TO DO
Copy exactly, beginning with the line holding "Occhiali da sole" and ending with the final line of the data beneath this task; copy nothing else, and leave out every picture.
** Opening DATASET CONTENT block **
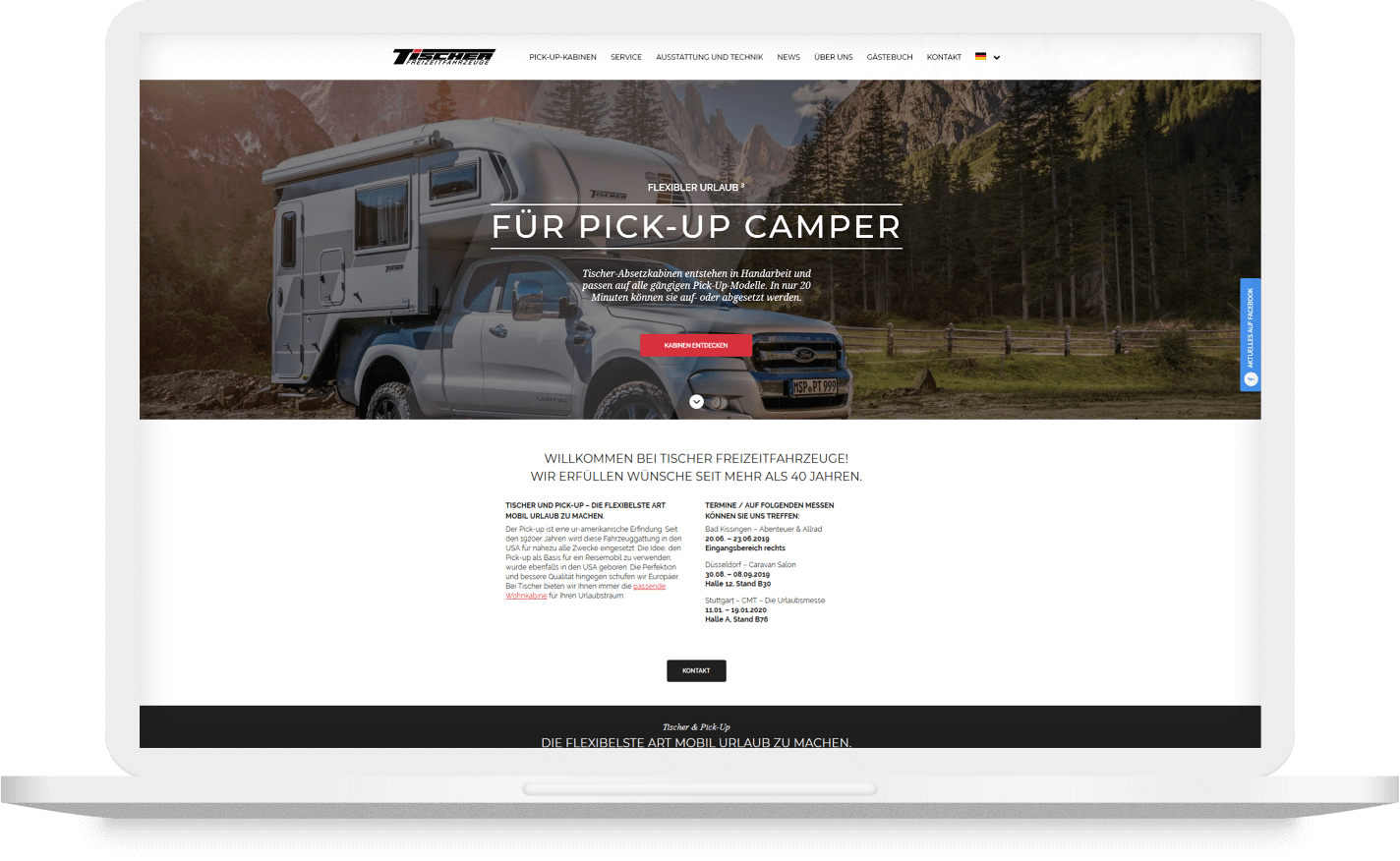 Für Tischer Freizeitfahrzeuge erfolgten ein Website-Relaunch, ein SEO-Konzept sowie verschiedene Social-Media-Kampagnen und die Gestaltung der Facebook-Seite. Auch im Printbereich erfolgten diverse Anzeigen und Banner.
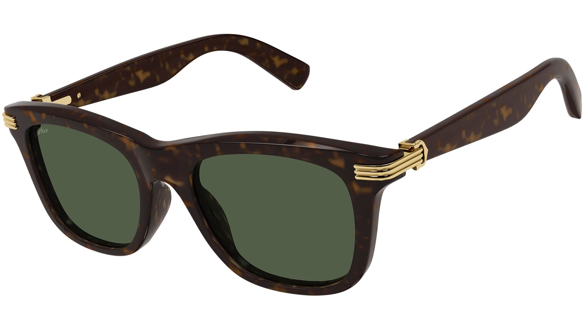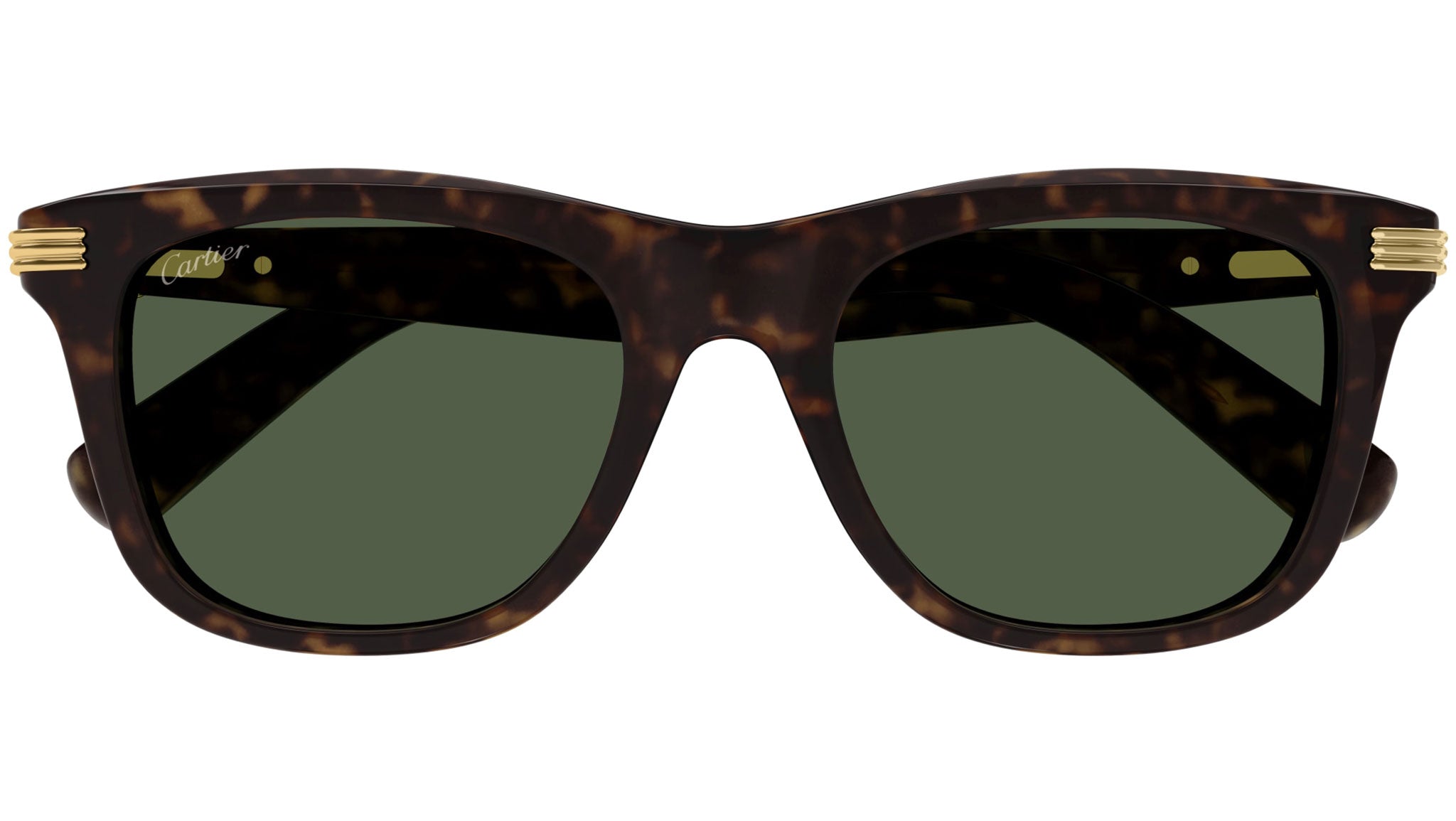 Occhiali da sole Cartier linea Contemporary CT0396S 002 con montatura tartaruga scuro e lenti color verde.
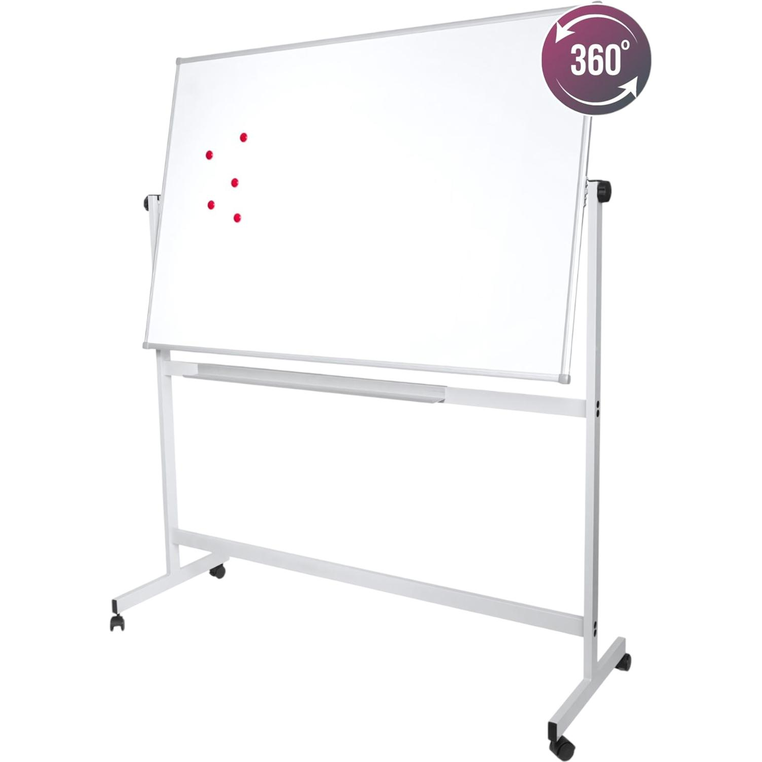 Магнитно-маркерная доска представляет собой двустороннее мобильное решение для офисов, учебных заведений и других помещений, где важно легко менять ориентацию доски. Она вращается на 360 градусов, что позволяет использовать обе стороны для записи, при этом конструкция оснащена механизмом фиксации, который позволяет установить доску под нужным углом. Мобильная подставка с 4 поворотными колёсами обеспечивает лёгкость перемещения доски по помещению и её блокировку в нужном положении.
** Closing DATASET CONTENT block **
RESPONSE BELOW
 Occhiali da sole Cartier linea Contemporary CT0396S 002 con montatura tartaruga scuro e lenti color verde.
 Магнитно-маркерная доска представляет собой двустороннее мобильное решение для офисов, учебных заведений и других помещений, где важно легко менять ориентацию доски. Она вращается на 360 градусов, что позволяет использовать обе стороны для записи, при этом конструкция оснащена механизмом фиксации, который позволяет установить доску под нужным углом. Мобильная подставка с 4 поворотными колёсами обеспечивает лёгкость перемещения доски по помещению и её блокировку в нужном положении.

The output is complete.